On the Perils of Benchmarking Erlang

2007 brought a lot of new attention to Erlang, and with that attention has come a flurry of impromptu benchmarks. Benchmarks are tricky to write if you're new to a language, because it's easy for the run-time to be dominated by something quirky and unexpected. Consider a naive Python loop that appends data to a string each iteration. Strings are immutable in Python, so each append causes the entire string created thus far to be copied. Here's my short, but by no means complete, guide to pitfalls in benchmarking Erlang code.

Startup time is slow. Erlang's startup time is more significant than with the other languages I use. Remember, Erlang is a whole system, not just a scripting language. A suite of modules are loaded by default; modules that make sense in most applications. If you're going to run small benchmarks, the startup time can easily dwarf your timings.

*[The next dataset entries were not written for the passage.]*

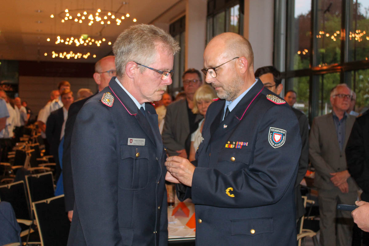 Während der Versammlung erhielten Jörn Wedemeier (SG-Bürgermeister Sachsenhagen) und Mike Schmidt (SG-Bürgermeister Bad Nenndorf) die deutsche Feuerwehr-Ehrenmedaille.
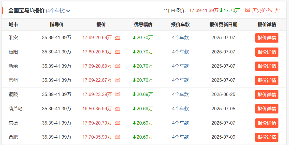 誰能想到,原價35.39-41.39萬元的寶馬i3車系,現如今在部分地區的終端裸車最低價格,居然已經低至16.2萬元起了。
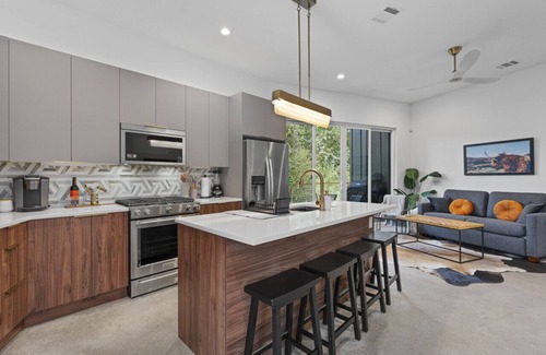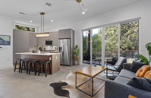 Discover the perfect getaway in this brand new 2-bedroom, 2.5-bathroom home, located in the heart of Austin`s lively East Side! With a sleek design and all the modern comforts, this home comfortably accommodates up to 5 guests, making it ideal for families, couples or small groups.
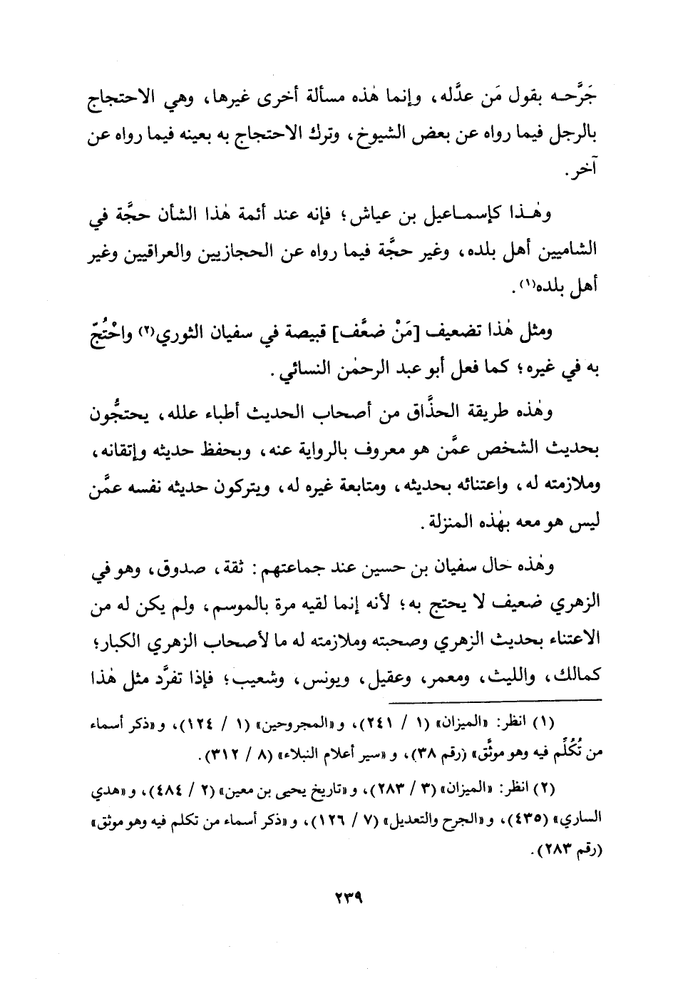 وَهَذِه حَال سُفْيَان بن حُسَيْن عِنْد جَمَاعَتهمْ ثِقَة صَدُوق وَهُوَ فِي الزُّهْرِيّ ضَعِيف لَا يحْتَج بِهِ لِأَنَّهُ إِنَّمَا لقِيه مرّة بِالْمَوْسِمِ وَلم يكن لَهُ من الاعتناء بِحَدِيث الزُّهْرِيّ وصحبته وملازمته لَهُ مَا لأَصْحَاب الزُّهْرِيّ الْكِبَار كمالك وَاللَّيْث وَمعمر وَعقيل وَيُونُس وَشُعَيْب فَإِذا تفرد مثل هَذَا
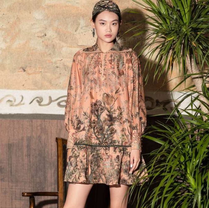 鮮やかなグリーンをベースにした華やかな花柄チュニックです。
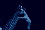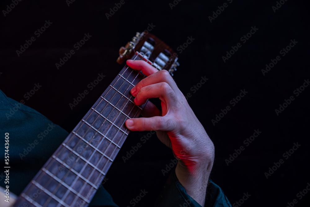 The guy in the dark shirt is plucking the strings of a six-string guitar
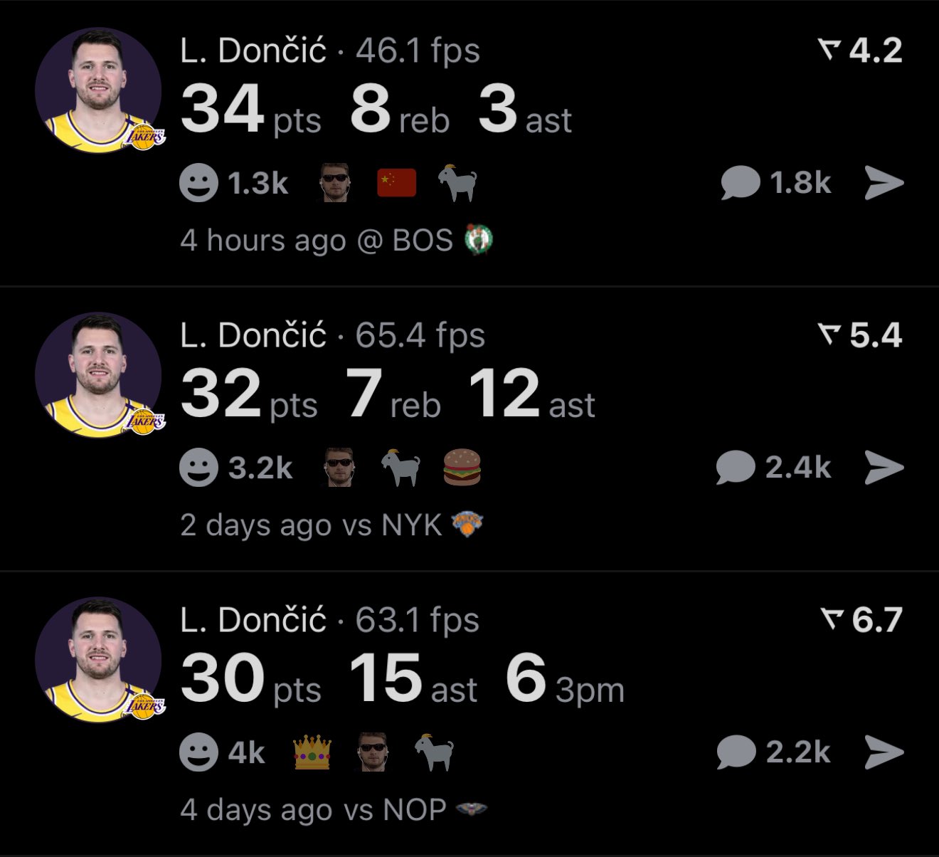 数据显示,东契奇(26岁零9天)是2004年科比(25岁零218天)之后拿下三连30+最年轻的湖人球员。
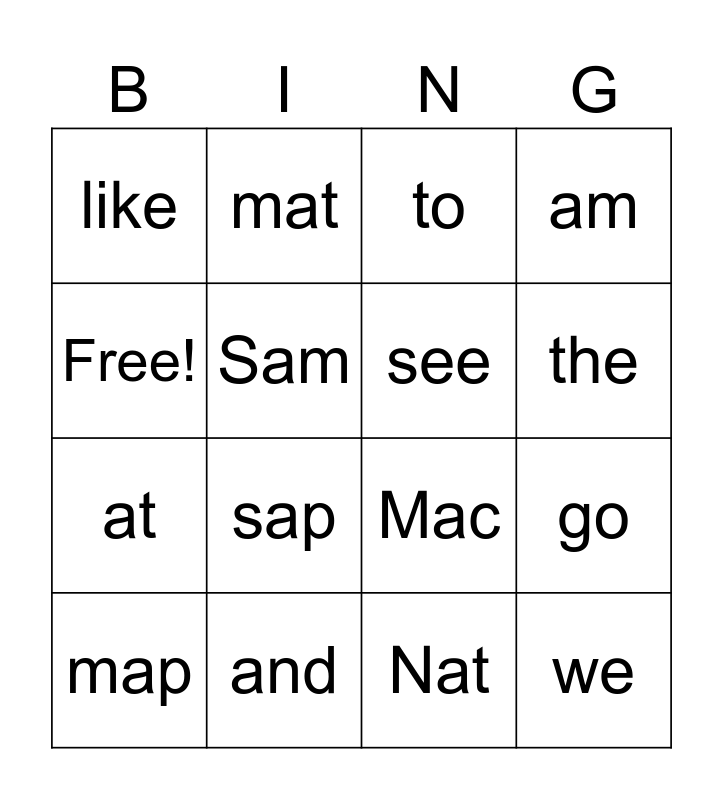 This bingo card has 16 words: and, go, to, like, at, mat, Mac, Nat, Free!, Sam, map, am, sap, the, see and we.
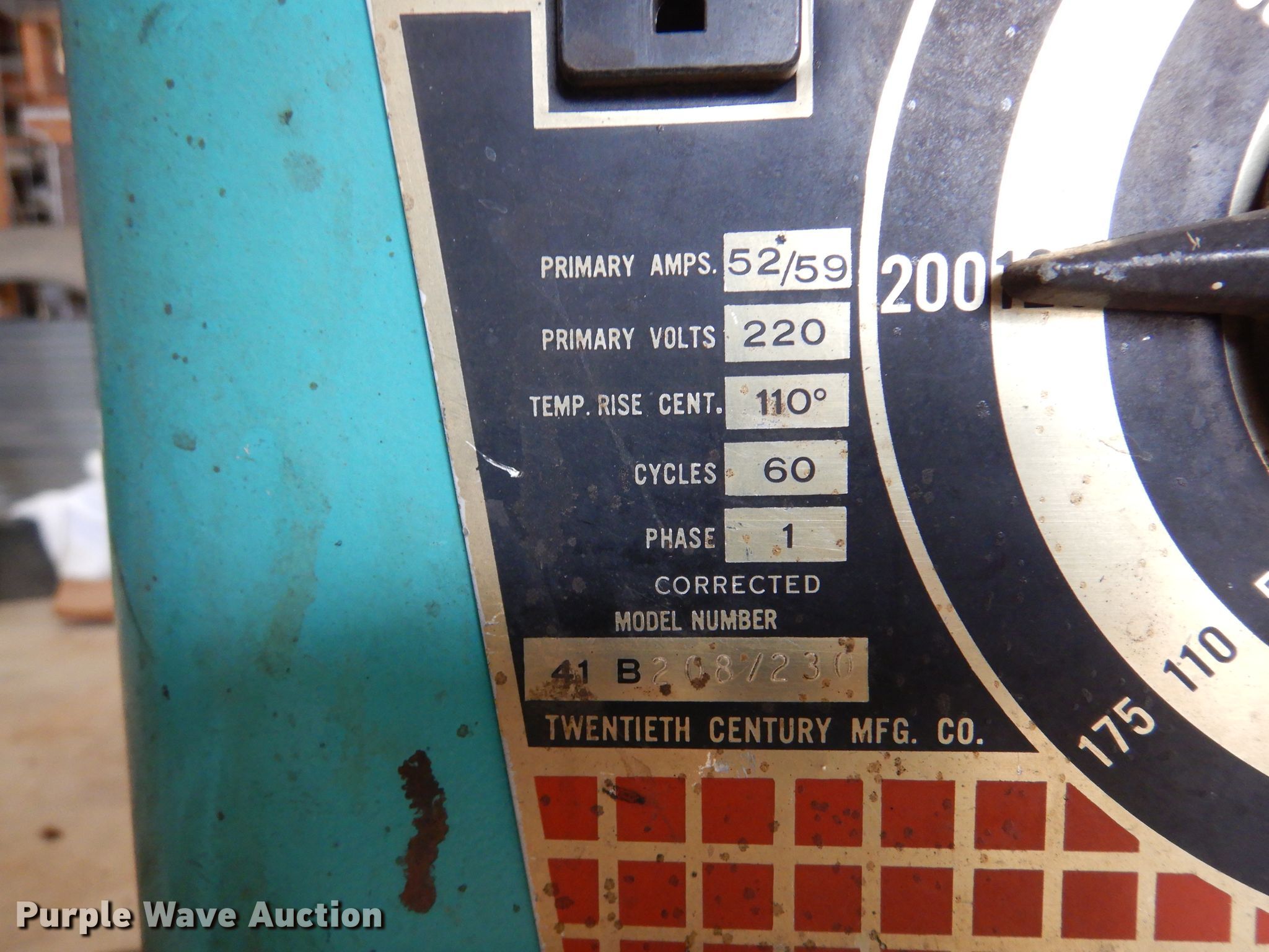 Purple Wave is selling a used Welder (Manual) in Kansas. This item is a Twentieth Century 41B208/230 welder with the following: Volts: 220, Phase: Single, Amps: 250

Garbage collection happens frequently in rapidly growing processes. An Erlang process starts out very small, to keep the overall memory footprint low in a system with potentially tens of thousands of processes. Once a process heap is full, it gets promoted to a larger size. This involves allocating a new block of memory and copying all live data over to it. Eventually process heap size will stabilize, and the system automatically switches a process over to a generational garbage collector at some point too, but during that initial burst of growing from a few hundred words to a few hundred kilowords, garbage collection happens numerous times.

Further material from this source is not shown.